Support Questions
Find answers, ask questions, and share your expertise

[HDP-2.3.2] Kafka brokers(topics) suddenly becomes unavailable.

Expert Contributor

After HDP rolling upgrade, we're currently experiencing this weird event on our kafka cluster.

Everything is fine before the upgrade.

After the upgrade, we're hitting this issue when all kafka brokers/topics suddenly becomes unavailable.

When checking on zk, it shows that brokers were unregistered. Logs also showing "cached zkversion is not equal to that in zookeeper"

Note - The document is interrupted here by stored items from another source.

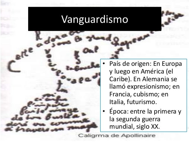 43. 43. • País de origen: En Europa y luego en América (el Caribe). En Alemania se llamó expresionismo; en Francia, cubismo; en Italia, futurismo.• Época: entre la primera y la segunda guerra mundial, siglo XX.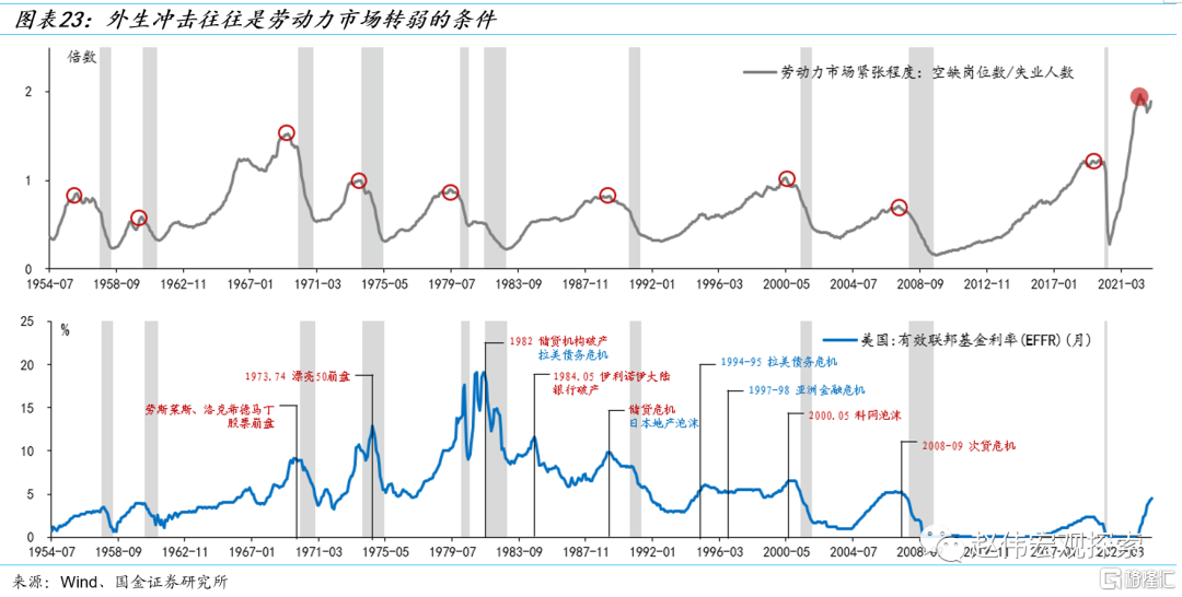 所以,2023年或不同于2015年和2019年,既不是“假衰”的重演,也较难实现“软着陆”。当前,美国经济正处在从放缓到衰退的“十字路口”,劳动力市场的韧性是“最后的堡垒”。在《美国劳动市场“转弱”的条件和信号》一文中,我们已经提示,美国劳动力市场转弱的信号越来越多,金融市场的外生冲击或是“临门一脚”。SVB事件后,衰退叙事的“最后一块拼图”似乎已经补齐。这一次,美国经济或难以逃逸衰退!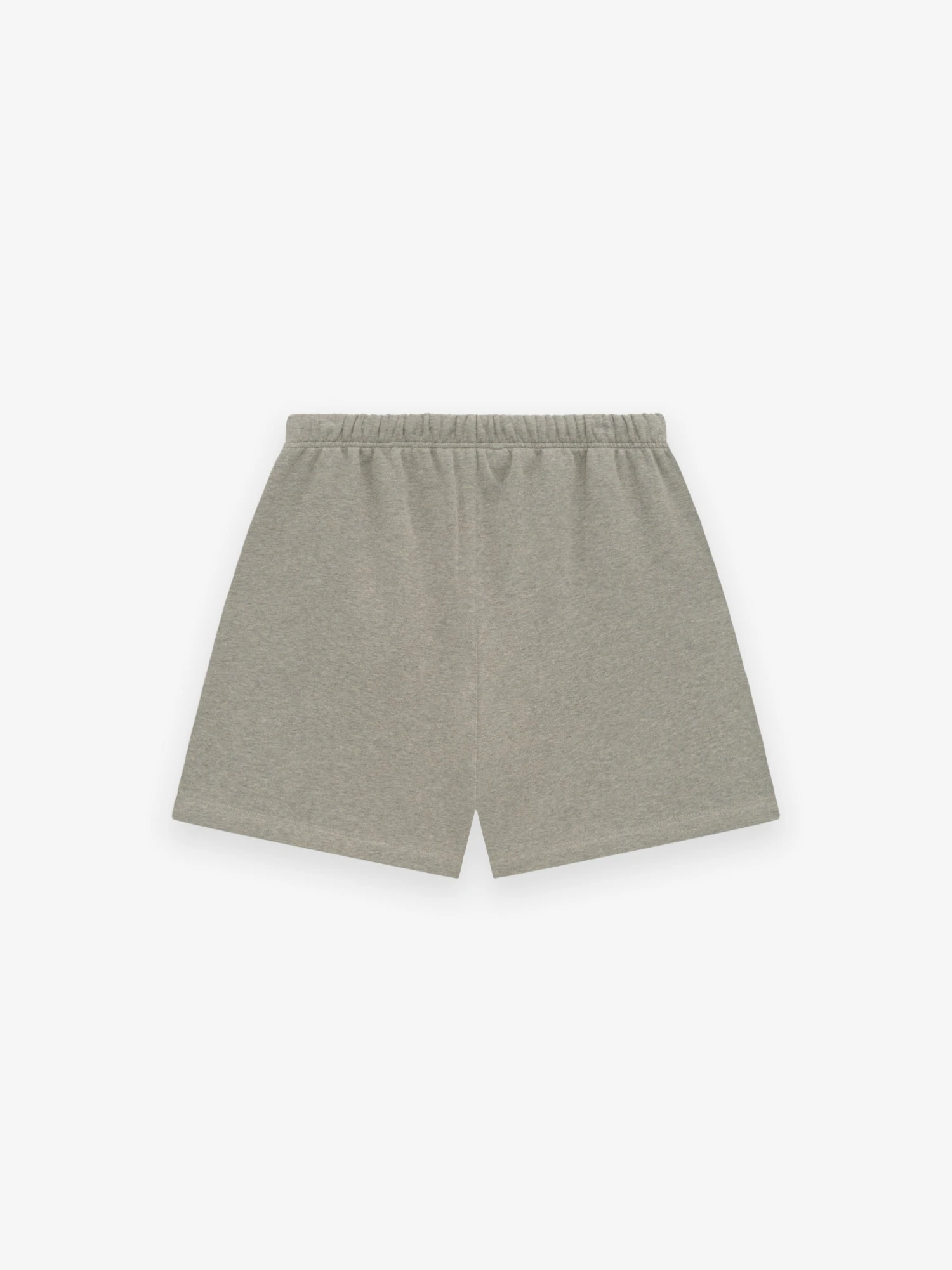 The Essentials WNBA sweatshorts are crafted from core fleece and feature a relaxed fit in both the seat and legs. They are adorned with a rubberized soft-touch WNBA Essentials logo, showcasing the WNBA emblem on the leg. Additional details include an encased elastic waistband with extended drawstrings and side seam pockets. A rubberized Fear of God label is positioned at the center front.

Our quick fix was to restart zk and kafka. Already happened twice on our prod env. 😞 #dataloss

Does anyone have this same issue?

Please help.

5 REPLIES 5

Expert Contributor

I can see logs on server.log

[2016-03-06 13:04:24,414] INFO Partition [NSN_IN_RECHARGE2,0] on broker 1001: Shrinking ISR for partition [NSN_IN_RECHARGE2,0] from 1001,1003 to 1001 (kafka.cluster.Partition)
[2016-03-06 13:04:24,417] INFO Partition [NSN_IN_ZEROEXP,2] on broker 1001: Shrinking ISR for partition [NSN_IN_ZEROEXP,2] from 1001,1003 to 1001 (kafka.cluster.Partition)
[2016-03-06 13:04:24,419] INFO Partition [NSN_IN_DATA2,0] on broker 1001: Shrinking ISR for partition [NSN_IN_DATA2,0] from 1002,1001 to 1001 (kafka.cluster.Partition)
[2016-03-06 13:04:24,421] INFO Partition [NSN_IN_AIRTIMEREL,1] on broker 1001: Shrinking ISR for partition [NSN_IN_AIRTIMEREL,1] from 1001,1003 to 1001 (kafka.cluster.Partition)
[2016-03-06 13:04:24,423] INFO Partition [RESPONSE_SMS,0] on broker 1001: Shrinking ISR for partition [RESPONSE_SMS,0] from 1001,1003 to 1001 (kafka.cluster.Partition)
[2016-03-06 13:04:24,425] INFO Partition [MEF1.1,3] on broker 1001: Shrinking ISR for partition [MEF1.1,3] from 1001,1003 to 1001 (kafka.cluster.Partition)
[2016-03-06 13:04:24,434] INFO Partition [NSN_IN_AIRTIMEREL,5] on broker 1001: Shrinking ISR for partition [NSN_IN_AIRTIMEREL,5] from 1001,1003 to 1001 (kafka.cluster.Partition)
[2016-03-06 13:04:24,436] INFO Partition [TNT_IN_DATA,0] on broker 1001: Shrinking ISR for partition [TNT_IN_DATA,0] from 1001,1003 to 1001 (kafka.cluster.Partition)
[2016-03-06 13:04:24,438] INFO Partition [URM_MWTRF,0] on broker 1001: Shrinking ISR for partition [URM_MWTRF,0] from 1001,1003 to 1001 (kafka.cluster.Partition)
[2016-03-06 13:04:24,439] INFO Partition [AUDIT_SPARK_INGEST,1] on broker 1001: Shrinking ISR for partition [AUDIT_SPARK_INGEST,1] from 1001,1003 to 1001 (kafka.cluster.Partition)
[2016-03-06 13:04:24,441] INFO Partition [TNT_IN_VOU,0] on broker 1001: Shrinking ISR for partition [TNT_IN_VOU,0] from 1001,1003 to 1001 (kafka.cluster.Partition)
[2016-03-06 13:04:24,443] INFO Partition [MEF1.1-SSQCx,2] on broker 1001: Shrinking ISR for partition [MEF1.1-SSQCx,2] from 1001,1003 to 1001 (kafka.cluster.Partition)

Explorer

Looks like you might be hitting KAFKA-2729 and KAFKA-3042. It seems like after a controller failover it is possible that the metadata cache does not include the leader details in the live brokers information and that causes the follower to error.

Expert Contributor

Thanks for the link @Alberto Romero, will check it later.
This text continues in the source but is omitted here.